→ Work order
Word for word, set down every line of the entries below from the line with "Taste the purity" to the line with "Juego de comedor", including both, and no other line.

→ Data
----

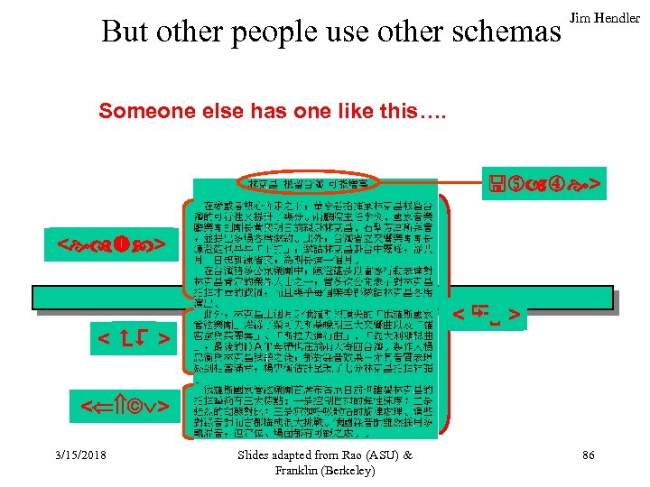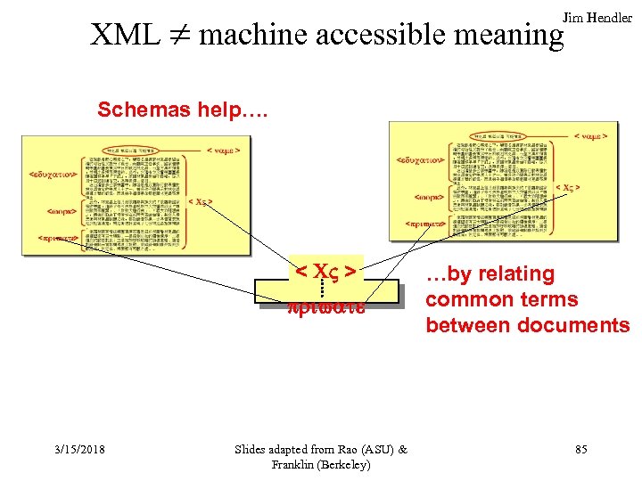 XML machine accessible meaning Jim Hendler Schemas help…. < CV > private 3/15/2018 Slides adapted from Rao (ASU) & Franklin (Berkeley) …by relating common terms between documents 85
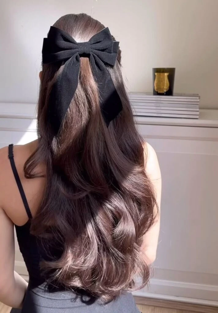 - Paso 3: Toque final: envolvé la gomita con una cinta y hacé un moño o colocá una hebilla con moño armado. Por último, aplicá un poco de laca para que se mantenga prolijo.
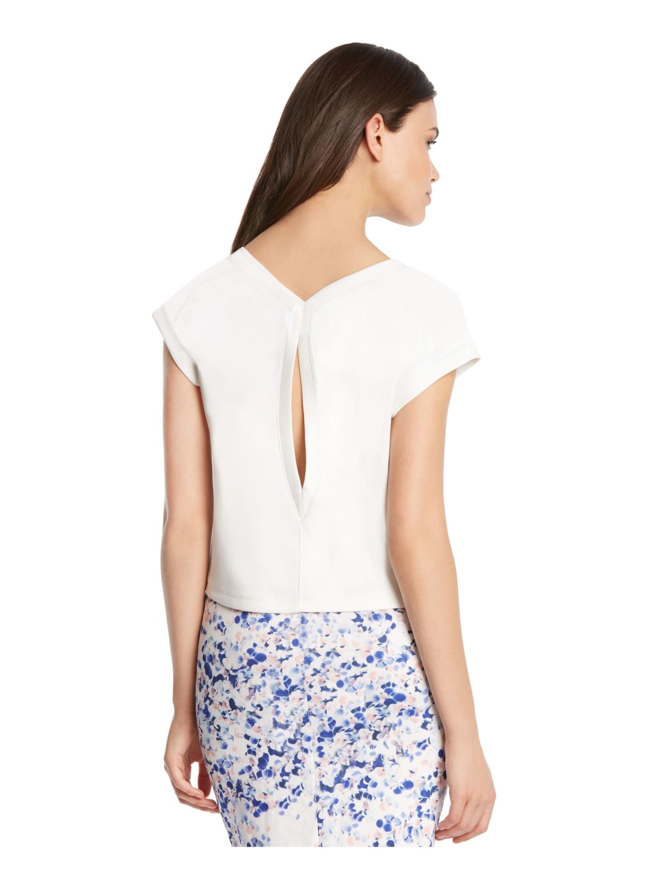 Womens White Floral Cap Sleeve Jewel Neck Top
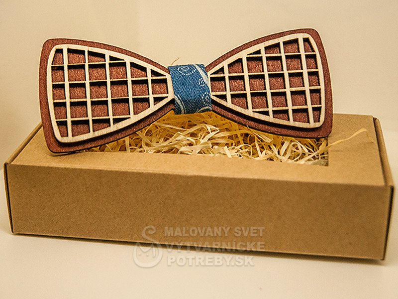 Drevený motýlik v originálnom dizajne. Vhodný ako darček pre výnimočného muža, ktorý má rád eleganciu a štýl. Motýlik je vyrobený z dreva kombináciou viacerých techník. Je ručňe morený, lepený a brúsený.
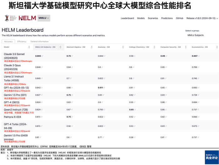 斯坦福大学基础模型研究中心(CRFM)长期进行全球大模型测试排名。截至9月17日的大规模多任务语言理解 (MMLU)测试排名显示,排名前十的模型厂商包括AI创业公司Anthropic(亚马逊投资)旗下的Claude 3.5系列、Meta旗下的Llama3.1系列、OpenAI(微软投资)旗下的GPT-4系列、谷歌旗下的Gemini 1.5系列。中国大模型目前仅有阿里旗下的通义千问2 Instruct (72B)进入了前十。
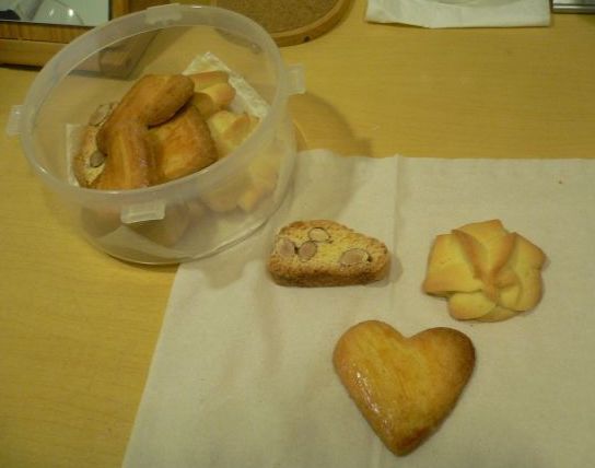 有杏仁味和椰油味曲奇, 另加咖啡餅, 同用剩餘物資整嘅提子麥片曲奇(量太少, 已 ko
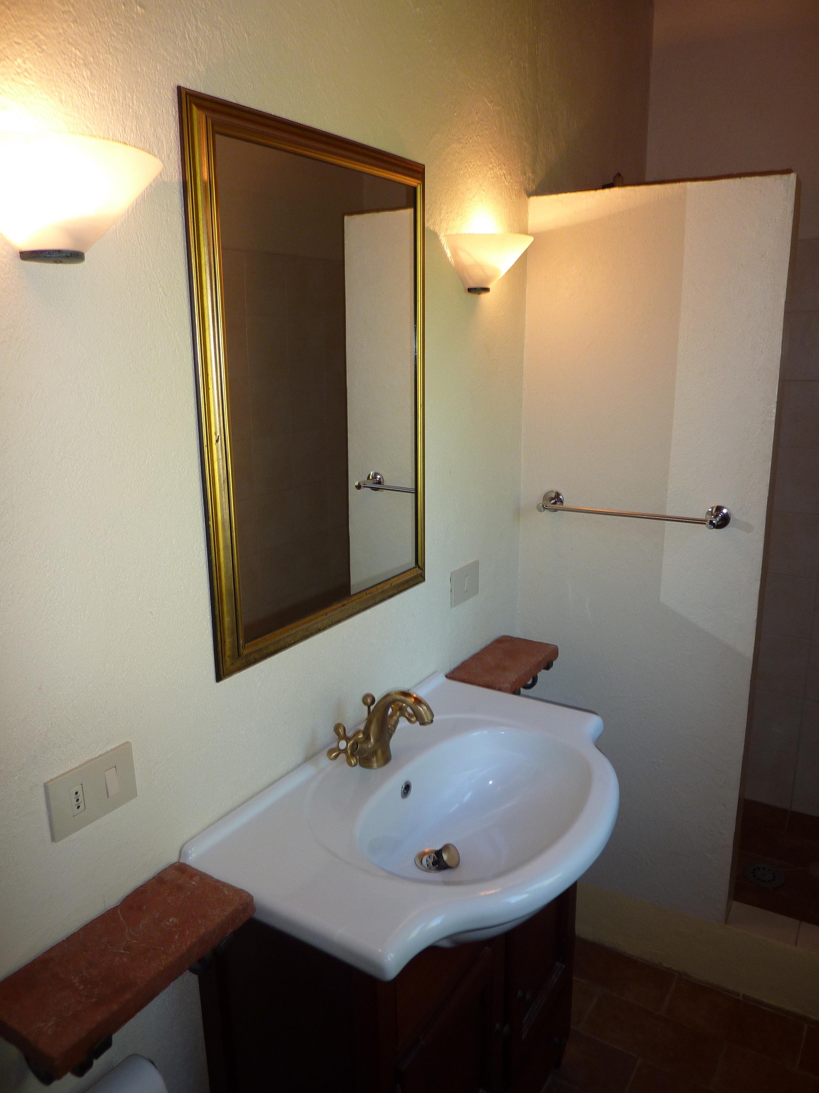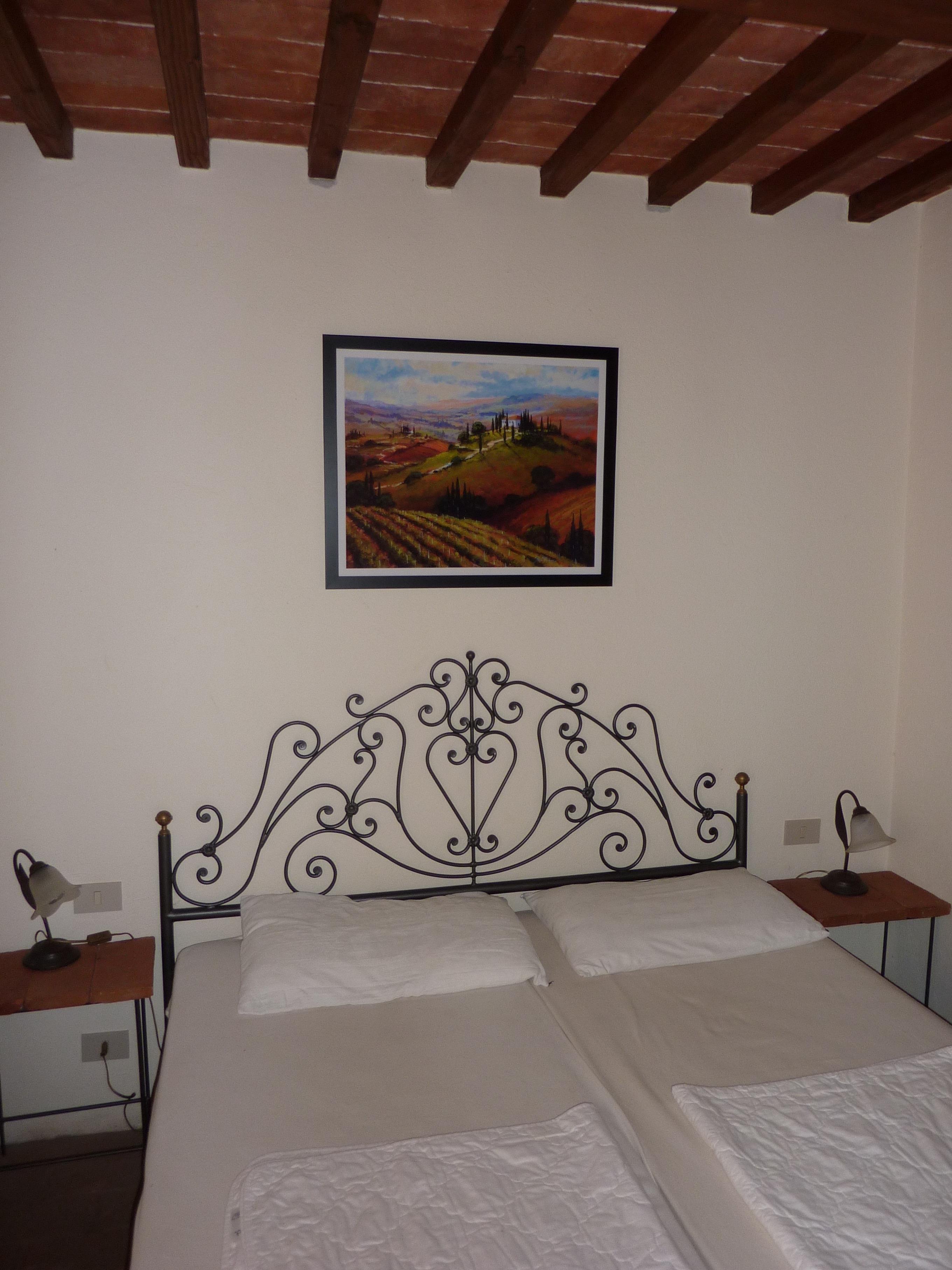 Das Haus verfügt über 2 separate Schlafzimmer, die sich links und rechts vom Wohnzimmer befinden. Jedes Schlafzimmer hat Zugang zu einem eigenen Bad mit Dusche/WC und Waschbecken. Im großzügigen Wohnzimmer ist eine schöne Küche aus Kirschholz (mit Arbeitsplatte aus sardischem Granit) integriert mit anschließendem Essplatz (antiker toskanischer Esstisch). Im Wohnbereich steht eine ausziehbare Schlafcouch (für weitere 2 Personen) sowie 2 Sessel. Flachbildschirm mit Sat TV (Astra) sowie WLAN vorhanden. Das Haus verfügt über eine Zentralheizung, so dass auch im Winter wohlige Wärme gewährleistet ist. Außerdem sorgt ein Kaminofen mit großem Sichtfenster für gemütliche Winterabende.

----

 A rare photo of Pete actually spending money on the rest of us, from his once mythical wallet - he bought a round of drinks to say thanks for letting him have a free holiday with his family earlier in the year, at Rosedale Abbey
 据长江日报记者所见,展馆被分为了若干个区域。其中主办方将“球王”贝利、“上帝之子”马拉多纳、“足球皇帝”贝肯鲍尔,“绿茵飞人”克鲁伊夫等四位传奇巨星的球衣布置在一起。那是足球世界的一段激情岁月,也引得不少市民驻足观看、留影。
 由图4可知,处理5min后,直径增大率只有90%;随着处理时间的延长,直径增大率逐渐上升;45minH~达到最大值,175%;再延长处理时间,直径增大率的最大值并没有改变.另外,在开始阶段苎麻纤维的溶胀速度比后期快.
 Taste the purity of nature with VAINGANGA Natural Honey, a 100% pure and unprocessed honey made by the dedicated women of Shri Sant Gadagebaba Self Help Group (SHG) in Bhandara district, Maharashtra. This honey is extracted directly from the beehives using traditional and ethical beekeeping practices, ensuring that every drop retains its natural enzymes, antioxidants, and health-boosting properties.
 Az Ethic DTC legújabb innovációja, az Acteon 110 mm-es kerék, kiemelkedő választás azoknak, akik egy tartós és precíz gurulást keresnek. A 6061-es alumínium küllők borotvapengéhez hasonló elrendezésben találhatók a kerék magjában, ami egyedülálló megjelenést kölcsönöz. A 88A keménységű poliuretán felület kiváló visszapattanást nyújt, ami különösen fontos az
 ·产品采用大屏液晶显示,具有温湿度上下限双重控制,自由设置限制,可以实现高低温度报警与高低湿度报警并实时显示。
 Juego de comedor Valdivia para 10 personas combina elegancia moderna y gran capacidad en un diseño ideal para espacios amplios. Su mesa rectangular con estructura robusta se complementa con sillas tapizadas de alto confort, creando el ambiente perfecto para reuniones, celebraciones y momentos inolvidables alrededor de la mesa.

----

→ Solved problem
 Taste the purity of nature with VAINGANGA Natural Honey, a 100% pure and unprocessed honey made by the dedicated women of Shri Sant Gadagebaba Self Help Group (SHG) in Bhandara district, Maharashtra. This honey is extracted directly from the beehives using traditional and ethical beekeeping practices, ensuring that every drop retains its natural enzymes, antioxidants, and health-boosting properties.
 Az Ethic DTC legújabb innovációja, az Acteon 110 mm-es kerék, kiemelkedő választás azoknak, akik egy tartós és precíz gurulást keresnek. A 6061-es alumínium küllők borotvapengéhez hasonló elrendezésben találhatók a kerék magjában, ami egyedülálló megjelenést kölcsönöz. A 88A keménységű poliuretán felület kiváló visszapattanást nyújt, ami különösen fontos az
 ·产品采用大屏液晶显示,具有温湿度上下限双重控制,自由设置限制,可以实现高低温度报警与高低湿度报警并实时显示。
 Juego de comedor Valdivia para 10 personas combina elegancia moderna y gran capacidad en un diseño ideal para espacios amplios. Su mesa rectangular con estructura robusta se complementa con sillas tapizadas de alto confort, creando el ambiente perfecto para reuniones, celebraciones y momentos inolvidables alrededor de la mesa.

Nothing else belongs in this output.